Most likely in a coulple of years the both of you will be fighting about her young male "friend" and she will tell you something along the lines of "you didn't care before so why do you care now" 

See this kind of thing is REALLY unhealthy for her, see, years down the road she will feel so unworthy and her self respect will be so low that ONS will be the norm for when she tells you she is out with her girl friends.

Man...what I let my wife do for money so many years ago was so unhealthy I just have to say you are for sure are going down the same path and I can already see were the both of you will be it ...say 10 years.

STOP HER NOW if you can!


----------



## 827Aug (Apr 27, 2008)

How would she feel if roles were reversed? You getting money from and older woman?


----------



## wanttobehappy56 (Mar 31, 2011)

Come on man, 70K? No sex????? I'm sorry, NO. NO NO NO NO NO. 

NO


----------



## notaname (Feb 4, 2011)

Geez, why can't I find a friend like that. (totally just kidding)

People don't give 100K to friends with no expectations.


----------



## Mrs.G (Nov 20, 2010)

marksaysay said:


> I don't know, but for you to allow this to continue will not end up good any way it turns out. 1) it will eventually cause your wife to look at you as less than a man for allowing another man to provide for your family (if she doesn't already) regardless of the circumstances. 2) if it hasn't gone there already, she will cheat with him. It is just my thought that she probably already has.
> 
> You have to get her to end contact with him quickly, my friend.


:iagree: No husband would allow this, even if he was broke.


----------



## luckyman (Apr 14, 2011)

I think it's very important that you know exactly why he is giving her/your family money. Is she employed by him? Is he claiming the money he is giving to your wife as wages given to an employee? 

Are you going to report this as revenue? 

This is a lot of money. You haven't spoken to this man personally? If it were me, I would have had a sit-down with this man after the first check was deposited. 

At best, this is inappropriate, at worst...well, nothing good comes to mind here. You will need to establish why this is happening. You will have to claim this money for tax reasons. It is possible that he may, at a later time claim that the money is a loan, when things don't go his way, and take action.

$100,000.00 is way too much money to just shrug-off as someone being nice. It is also too much money for a sexual pay-off. 

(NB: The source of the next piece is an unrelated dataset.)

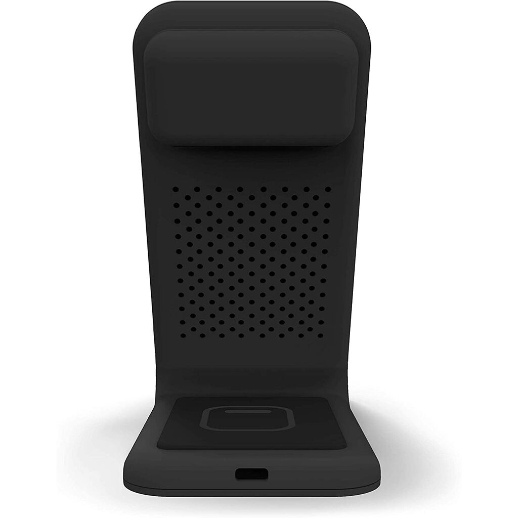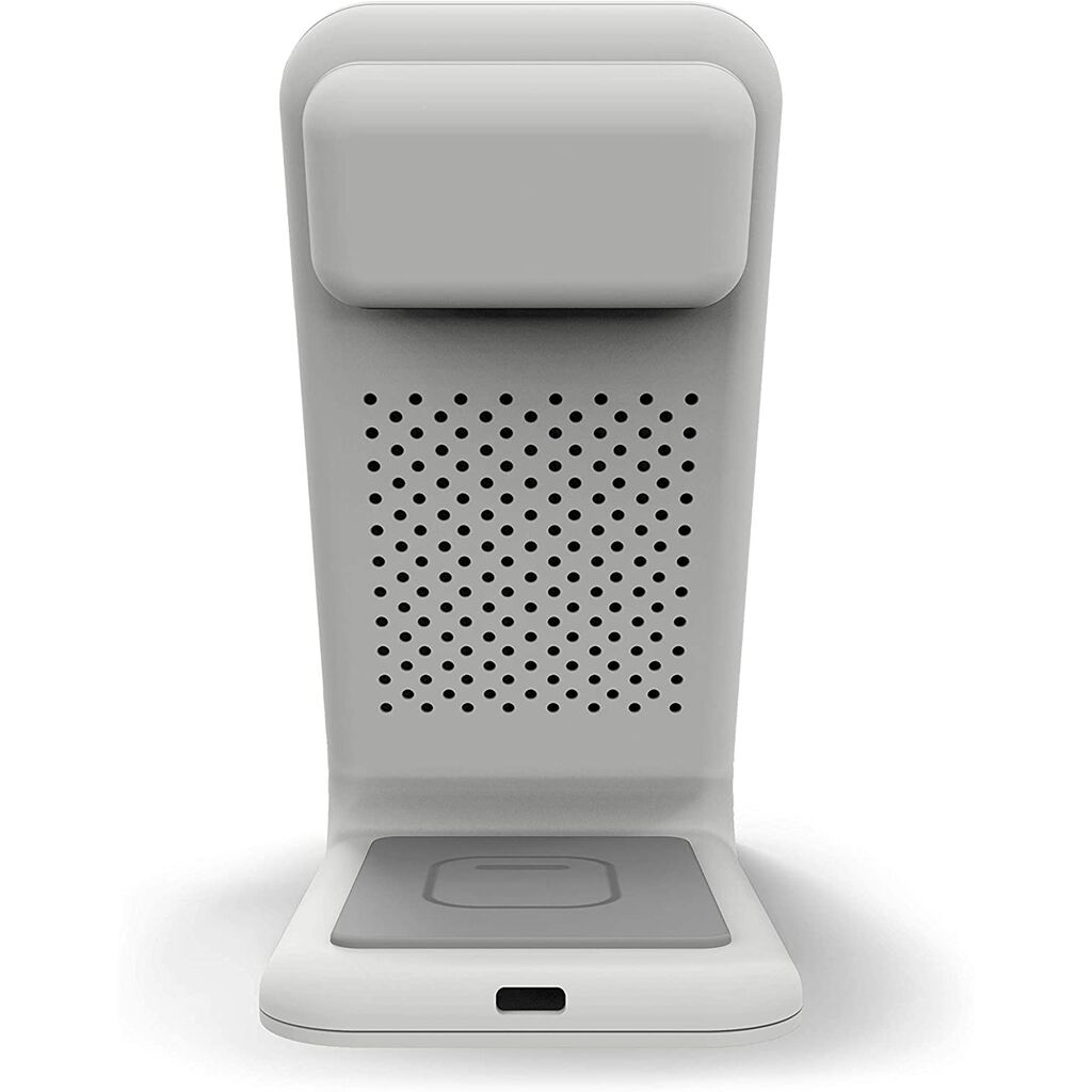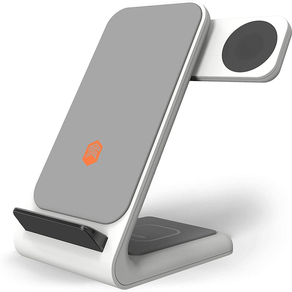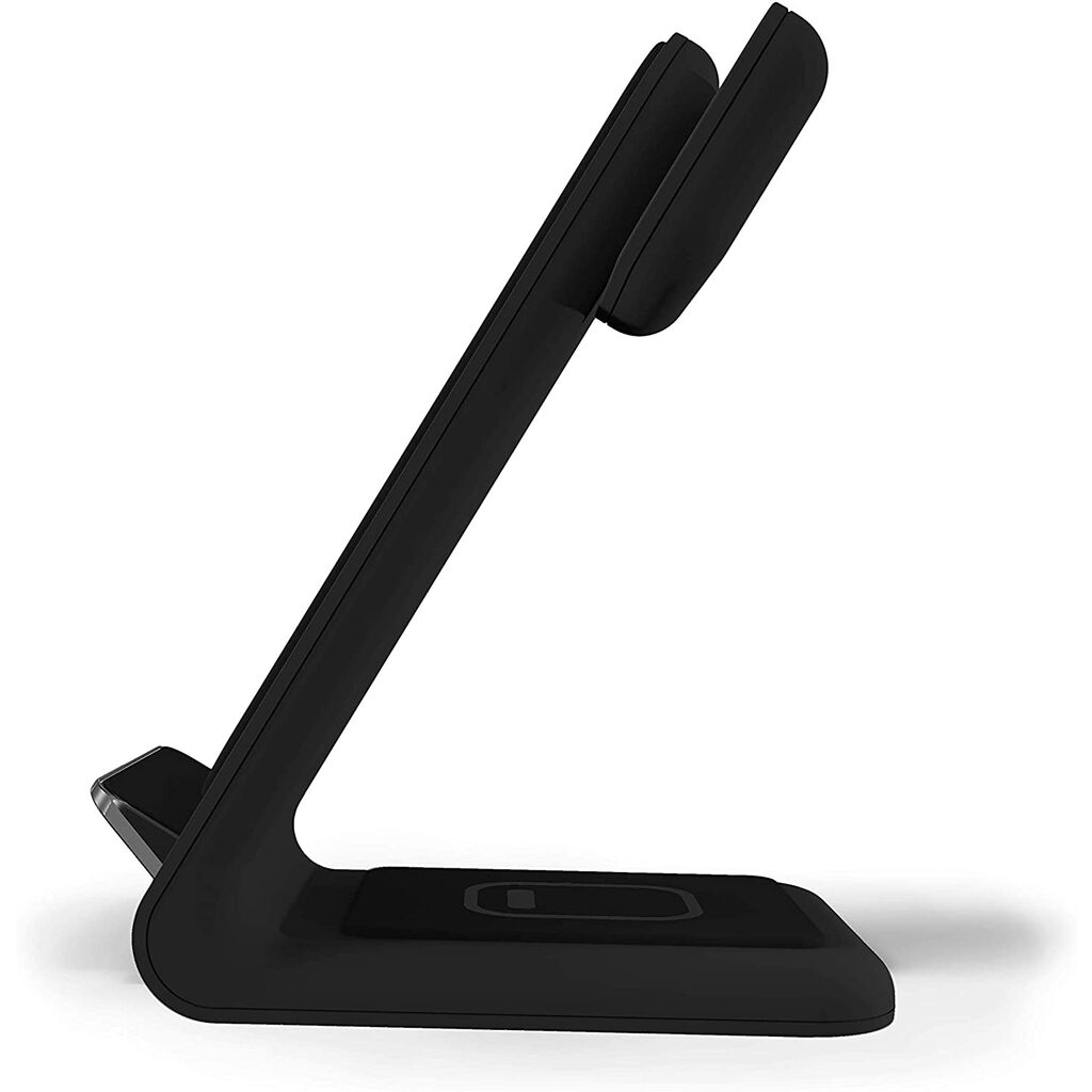 A wireless charging stand that rejuvenates three devices at once. Slim and sleek, with a small footprint that takes up minimal space on a desk or nightstand.

If you think he is doing this for sex, I don't know...I'm sure your wife is attractive, but is she really worth $100,000 to another man just for sex? Especially since she is already married? 

I would make it my first priority to find an explanation for this.


----------



## maggot brain (Nov 28, 2010)

Imas said:


> The figure is actually around 100 k. It just burns me Im going through this. We need the money and I cant do anything about it.


Sounds to me like you're satisfied with the relationship as you've described it. Actions speak volumes, and you're cashing the checks my man.


----------



## sinnister (Dec 5, 2010)

I know you like the cash...but are you sure it's legal money?

If she is doing is having sex with him the fact that you're profiting from it could have very serious legal ramifications. Seriously, with 100K changing hands, I'd be shocked if financial monitoring institutions weren't already investigating this.

End it...yesterday.


----------